This command reflects the options listed in the above “smitty mksysb” output. This does not take into account any customization flags. Please review the section above entitled “Important Information
Regarding Mksysb Flags” to be best informed concerning the flags that you should use.

Creating a mksysb to a tape drive in AIX V61. Using SMITTY : # smitty mksysb Backup DEVICE or FILE.........................[/dev/rmt0] Create MAP files?.............................no EXCLUDE files?................................no (-e) List files as they are backed up?.............no Verify readability if tape device?............no Generate new /image.data file?................yes (-i) EXPAND /tmp if needed?........................no (-X) Disable software packing of backup?...........no (-p) Backup extended attributes?...................yes Number of BLOCKS to write in a single output..[] Location of existing mksysb image.............[] File system to use for temporary work space...[] Backup encrypted files?.......................yes Back up DMAPI filesystem files?...............yes
The only required selection here would be the tape drive to use for
the backup. Default flags are listed above. Change flags as necessary
for your environment / situation.
*Please refer to the section above entitled “Important Information Regarding Mksysb Flags"

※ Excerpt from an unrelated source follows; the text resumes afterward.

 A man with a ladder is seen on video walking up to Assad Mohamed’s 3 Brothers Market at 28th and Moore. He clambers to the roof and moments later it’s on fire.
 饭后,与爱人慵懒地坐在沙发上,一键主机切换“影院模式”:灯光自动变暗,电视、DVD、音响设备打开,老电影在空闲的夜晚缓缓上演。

There are a few extra options with V6 mksysb using SMIT. The most notable being the option “Location of existing mksysb image”. You can now use an existing mksysb taken to file and copy that to tape. An
attempt will be made to make the tape a bootable tape. You should use a system at the same or higher technology level as the mksysb image if you choose to do this. The command line flag would be “-F”.

This does require a minimum of 100Mb free in /tmp. See the manpage

for further information. This flag was introduced as a command line option in AIX V5 (5300-05).

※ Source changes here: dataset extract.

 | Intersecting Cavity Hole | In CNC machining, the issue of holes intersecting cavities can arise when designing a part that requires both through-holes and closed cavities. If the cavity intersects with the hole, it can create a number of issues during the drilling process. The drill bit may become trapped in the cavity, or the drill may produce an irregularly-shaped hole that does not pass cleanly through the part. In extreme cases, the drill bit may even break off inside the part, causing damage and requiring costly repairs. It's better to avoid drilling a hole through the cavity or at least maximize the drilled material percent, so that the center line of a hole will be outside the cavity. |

2. From command line :# mksysb -i /dev/rmt0 

This command reflects the options listed in the above “smitty mksysb” output. This does not take into account any customization flags. Please review the section above entitled “Important Information Regarding Mksysb Flags” to be best informed concerning the flags that you should use.
Verification of a mksysbThere is no true verification of the “restorability” of a mksysb other than actually restoring it. Taking cautions such as understanding the flags used for the creation of the mksysb, checking your error report for any tape drive related errors before running the mksysb, regular cleaning of the tape drive, and verifying the readability of the mksysb after creation are all good checks. If your system is in good health your mksysb should be in good health. Similarly, if you attempt to create a mksysb of a system
logging hundreds of disk errors, or a system with known filesystem corruption, your mksysb will likely retain that corruption.

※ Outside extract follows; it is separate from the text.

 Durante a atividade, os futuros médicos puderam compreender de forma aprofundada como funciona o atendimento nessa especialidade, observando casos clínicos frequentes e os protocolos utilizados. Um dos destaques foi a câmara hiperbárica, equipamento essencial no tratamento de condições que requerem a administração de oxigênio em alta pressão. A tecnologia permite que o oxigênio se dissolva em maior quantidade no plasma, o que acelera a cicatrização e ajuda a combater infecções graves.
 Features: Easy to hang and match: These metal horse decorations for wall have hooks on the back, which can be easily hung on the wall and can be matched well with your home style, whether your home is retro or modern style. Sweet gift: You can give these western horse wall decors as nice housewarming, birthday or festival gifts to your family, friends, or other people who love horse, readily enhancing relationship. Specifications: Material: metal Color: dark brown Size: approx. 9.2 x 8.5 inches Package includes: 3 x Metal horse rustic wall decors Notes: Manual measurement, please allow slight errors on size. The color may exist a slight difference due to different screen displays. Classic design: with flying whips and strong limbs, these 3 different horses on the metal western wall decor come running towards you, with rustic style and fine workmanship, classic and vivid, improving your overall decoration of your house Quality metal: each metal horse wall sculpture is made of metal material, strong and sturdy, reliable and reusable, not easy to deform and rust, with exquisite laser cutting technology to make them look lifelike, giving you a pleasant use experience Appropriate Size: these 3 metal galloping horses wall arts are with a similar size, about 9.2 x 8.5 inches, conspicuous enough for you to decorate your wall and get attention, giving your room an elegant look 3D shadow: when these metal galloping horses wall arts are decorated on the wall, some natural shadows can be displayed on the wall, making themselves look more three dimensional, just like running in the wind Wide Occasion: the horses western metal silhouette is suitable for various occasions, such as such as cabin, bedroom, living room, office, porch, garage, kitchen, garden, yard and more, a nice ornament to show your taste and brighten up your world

To verify the readability of your backup run the following command :
# listvgbackup -Vf /dev/rmt0

Any errors that occur while reading the headers of any of the files will be displayed, otherwise only the initial backup header information will be displayed. Keep in mind that this check tests the readability of the
file only, not the writeability.
Restoring a mksysbTo restore a mksysb image you simply need to boot from the tape and verify your selections in the BOS menus. Next, we’ll cover two booting scenarios. One in which your system is currently up and operational, the next in which your system is down.

1. If your system is currently running and you need to restore your mksysb, simply change the bootlist to reflect the tape drive and reboot the system.
# bootlist -m normal rmt0 
# shutdown -Fr 
 
2. If your system is in a down state you should boot to the SMS menus and set your bootlist to reflect the tape drive. The SMS menu options are listed below. Your menu options may be different (depending on
your level of firmware), however it should be clear enough by following this document to figure out what options should be chosen if yours differ.

SMS - SYSTEM MANAGEMENT SERVICES - 1. Select Language 2. Change Password Options 3. View Error Log 4. Setup Remote IPL (RIPL (Remote Initial Program Load)) 5. Change SCSI Settings 6. Select Console --> 7. Select Boot Options
The next menu should come up : --> 1. Select Install or Boot Device 2. Configure Boot Device Order 3. Multiboot Startup
The next menu will have the following : Select Device Type : 1. Diskette 2. Tape 3. CD/DVD 4. IDE 5. Hard Drive 6. Network --> 7. List all Devices 

The system will scan itself to determine which devices are available to boot from. All of your available boot devices will be displayed here. This menu can be a little tricky. If you have a device pre-selected it
will have a 1 next to it under the “Current Position” column. Use the “Select Device Number” listing to choose the device you want to boot from to change that. 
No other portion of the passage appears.